Up next in our series of interviews with notable, in-the-know locals: Michael Darling, chief curator at The Museum of Contemporary Art and curator of Felix, the 26-foot-tall sculpture of a cat skeleton that will be on view from October 14 through April 8 at the MCA.
So, who is Felix and how did he end up at the MCA?
Felix is a 26-foot-tall sculpture of a cat skeleton that artist Maurizio Cattelan made for the MCA at our invitation in 2001. It became an iconic piece both in our collection and within the artist’s career.
Why bring Felix back for the MCA’s 50th anniversary?
It’s one of those pieces that generates a lot of conversation. It has such amazing presence and energy, but it’s also so surprising for visitors. You don’t expect to see something that’s at the scale of a T. rex skeleton in a contemporary art museum. Even now, we’re not even finished setting it up, and I’m already seeing visitors being attracted to it and trying to figure out what it is.
Why do you think he’s so appealing?
It’s surprising, for sure, but there’s also joy and humor. It’s slightly confrontational, because right when you walk in the doors of the museum you see a massive cat looking right at you.
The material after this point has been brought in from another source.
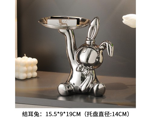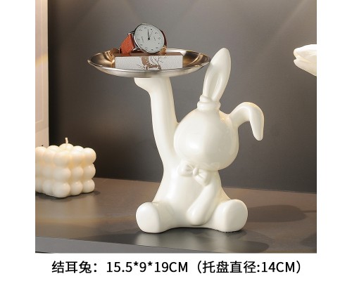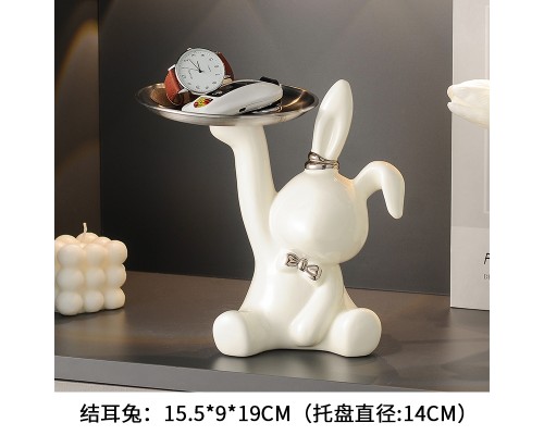 【描銀 時鐘】結耳兔+白托盤 (NT982)
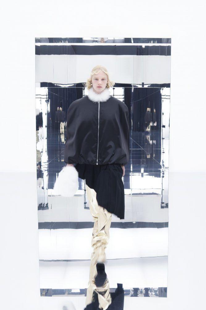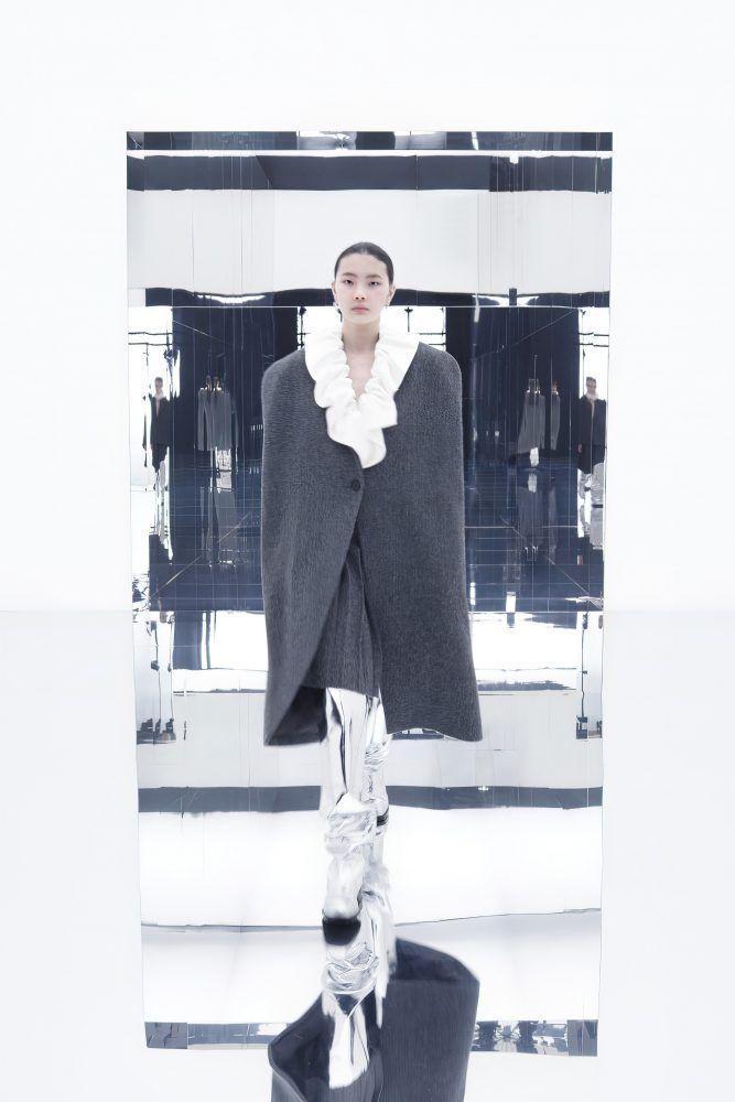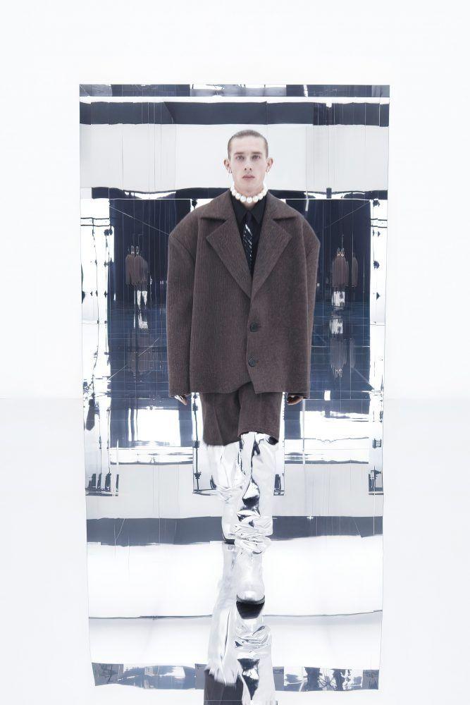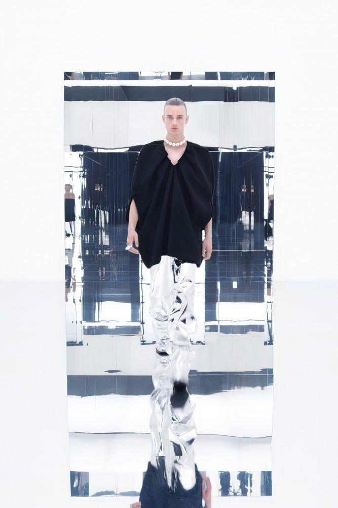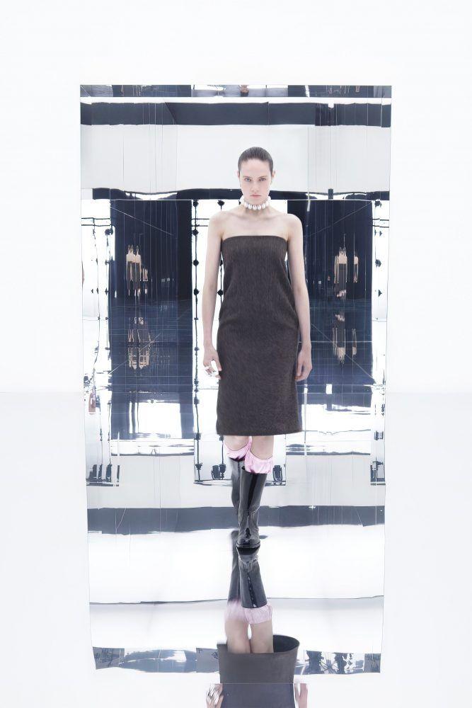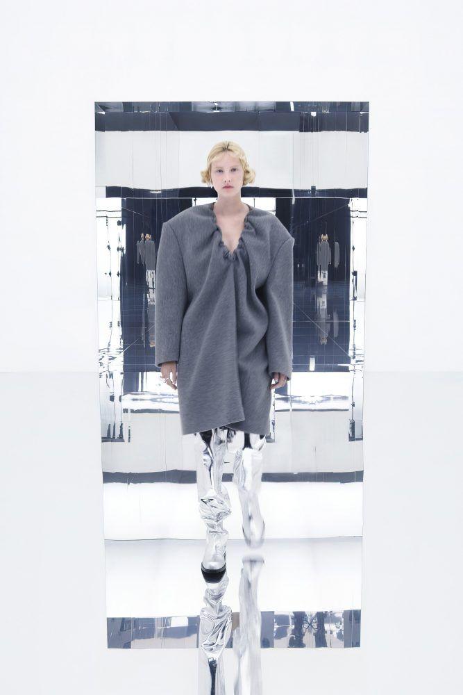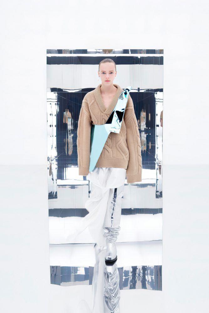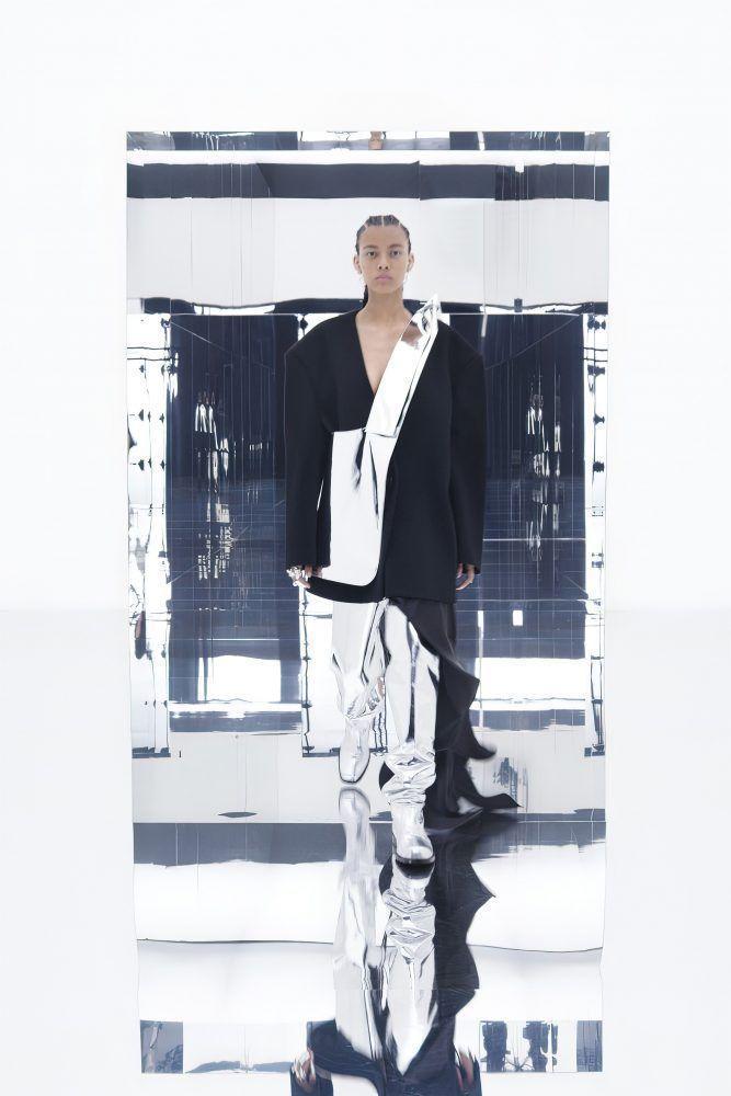 It’s hard to pick out a favorite from the selection of the Korean based brand We11done. Mirrored Metallic Mania Matched with Matte flannels has come to excite to the point of alliteration. The contrasting textures do not come off abrasive or jarring but rather complementary. Sharp minimalist tailoring in oversized shapes is soften by an array of simple pearl jewelry and delicate draping which references renaissance garment constructions. The punctuations of the heavy metallic boots will be a great item to see worn in the fall by the art set from the gallery opening, to the dinner to the afterparty.

There’s a bit of a jolt or shock that people get when they see it.
Tell me a little bit about the Maurizio Cattelan, the artist who made him, and how Felix fits into his larger body of work.
He’s known for very realistic, shocking depictions of things that you probably wouldn’t see in nature. One of his famous pieces, for example, is a sculpture of Pope John Paul II being struck by an asteroid. There’s always this double-take that happens with his best pieces. I think that’s where Felix fits in. At first you’re like, hey, this is a dinosaur—but at second glance you realize it’s a cat. This sort of second guessing is a signature of his work.
Why a cat?
In this case, there’s the context of Sue at the Field Museum. I can imagine it was interesting for Maurizio that the T. rex had a name, and that he wanted our cat to be named Felix after the famous cat. So, there’s a logic there. But also, as far as we know, cats didn’t get that large in prehistoric time. To take a small household animal and make it so large was also an inversion of logic. The absurdity of it and the surprise factor is what makes this such an extraordinary piece.
How do you hope visitors will respond to the 50th anniversary exhibition?
I think when visitors see Felix, Jeff Koons’s Rabbit, and all our other iconic pieces, it will be a great reminder of all the unique pieces the MCA has collected over the years. We hope they make people feel proud to have them in Chicago.
Who wins in a fight: Felix or Sue?
I would say Felix. Well, not win—but he’d at least be able to run away and jump to another location to avoid the fight. I’m sure one of the paleontologists at the Field Museum would have a much more informed answer.